Nascida no estado da Geórgia e batizada com o nome de Lula Carson Smith, Carson McCullers estudou na célebre Juilliard School of Music, onde foi preparada pelos pais para ser uma exímia pianista, já que viam talento nela. Mas a moça desistiu da carreira por causa das crises de febre reumática que a atormentavam quando tocava. Casou-se aos 21 anos com James Reeves McCullers (1913-1953), que lhe deu o sobrenome de escritora e com quem teve uma relação conturbada, que culminou no suicídio dele, aos 40 anos de idade. Depois de estudar literatura na Universidade de Columbia, ela se tornou uma autora respeitada ainda bem jovem. “As histórias dentro da história de ‘O Coração É um Caçador Solitário’ incluem alguns dos escritos mais bonitos que McCullers já produziu”, observou a revista “The New Yorker”, em 2001, ao comentar, mais de seis décadas depois, sua reedição. Eleito pela revista “Time” um dos melhores romances em língua inglesa dos últimos oitenta anos, o livro foi adaptado para o cinema em 1968 pelo diretor Robert Ellis Miller. 

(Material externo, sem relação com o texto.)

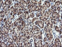 - Immunohistochemical staining of paraffin-embedded human pancreas tissue within the normal limits using anti-PIK3CG mouse monoclonal antibody. (Heat-induced epitope retrieval by 10mM citric buffer, pH6.0, 120°C for 3min, TA505228)

Conhecida pelo talento em compor personagens fortes e inesquecíveis e conseguir o contraponto à “efervescência da alma” e a mesmice do ambiente, Carson McCullers se mantém original e surpreendente ao conseguir estabelecer em sua escrita uma ótica particular para cada um dos integrantes de suas tramas. E por construir uma atmosfera tida como densa e mágica, perpassada de musicalidade e lirismo, como observa uma de suas edições brasileiras. Ela consegue tudo isso sem deixar de lado o humor e a objetividade de se contar uma boa história, cheia de inquietações e ansiedades que marcam a vida de todos nós. “Encontrei em seu trabalho uma intensidade e uma nobreza de espírito que não tínhamos em nossa prosa desde Herman Melville”, escreveu sobre ela o escritor e dramaturgo Tennessee Williams (1911-1983). “Deve estar certa, pela abundância cada vez maior de provas, de que o trabalho realizado por ela não será eclipsado, mas antes iluminado pelo tempo”. E assim aconteceu.